Green Dot executives hid important information from shareholders about the decline of its prepaid-card business, which was core to the company’s profits, said Dino DiBlasio, a former employee and current shareholder. It was alleged in Monday’s lawsuit..
The former head of quality engineering also alleged that executives and directors knew the company’s anti-money laundering practices were inadequate but continued to do business with them anyway, ultimately winning a Green Dot. Costly consent orders from the Federal Reserve.
By keeping this information secret, founders and former CEO Steven Streit and former CFO Mark Schifke inflated Green Dot’s stock price “long enough to enable them to sell $62 million of their own Green Dot stock at artificially inflated prices,” according to the lawsuit.
The lawsuit also names directors Jeffrey O’Sher, Ellen Ritchie, William Jacobs, Saturnino Fanlo, George Shaheen, Peter Feld and J. Chris Brewster, as well as former directors Kenneth Aldrich, Rajeev Date and Gurinder Bridgeforth Hodges, former CEO Dan Henry and current CEO George Gresham.
The complaint was filed Monday in the U.S. District Court for the Central District of California.
Best known for its digital banking partnership with Walmart, Green Dot is the world’s largest prepaid debit card company. The company sells prepaid cards at approximately 100,000 retailers nationwide, including CVS and Dollar Tree, and also operates a banking-as-a-service platform and has numerous co-branded card partnerships.
When Green Dot went public in 2010, more than three-quarters of the company’s revenue came from its prepaid card business, with 50.8 percent coming from new cards, maintenance fees, ATM fees and other charges and 26.6 percent from cash transfer revenue, according to the lawsuit.
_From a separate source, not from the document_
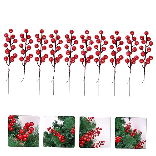 Toyvian - 10 قطع من اعواد التوت الاحمر الصناعية سيقان الصناعي باقة للكريسماس توت هولي لتزيين الطاولة والمزهريات وديكور شجرة الكريسماس دعائم الصور التي تصنعها بنفسك

But as that business faced decline in 2018 and 2019, the company’s executives “misled investors about the declining growth of Green Dot’s traditional prepaid debit card business and diverted investor attention from this ‘flagship’ product to BaaS and direct deposit accounts, even though the majority of these accounts were fee-free,” court documents state. “Defendants concealed the reasons for their new focus, including the declining performance of traditional prepaid cards and new competition from much cheaper digital alternatives, including neobanks such as PayPal, Venmo, and Chime.”
By the end of 2018, Green Dot’s prepaid card user base had plummeted, and the resulting decline in revenue “negated nearly all of the company’s growth in its low-margin BaaS and direct deposit businesses,” according to the lawsuit.
Green Dot’s shares fell when executives revealed that user growth was a meager 1%.
“Defendants continued their scheme by continuing to mislead investors into believing that this was a continuation of Green Dot’s product mix trends that would negatively impact profitability. Instead, Defendants presented this adverse news as good news and argued that ‘we are, in some sense, a victim of our own success,'” the complaint states.
Di Blasio is suing all of the defendants for breach of fiduciary duty and abuse of control, causing “significant injury” to Green Dot.
He is suing Streit and Schifke for unjust enrichment. Finally, he is suing Ritchie, Feld, Osher, Henry, Jacobs, Brewster, Hodges, Date, Fanlo, Gresham and Shaheen for making materially misleading statements to shareholders in the bank’s 2022 and 2023 proxy statements.
A Green Dot spokesman said the company cannot comment on pending litigation. Francis Bottini Jr.Di Blasio’s lawyer did not respond to a request for comment.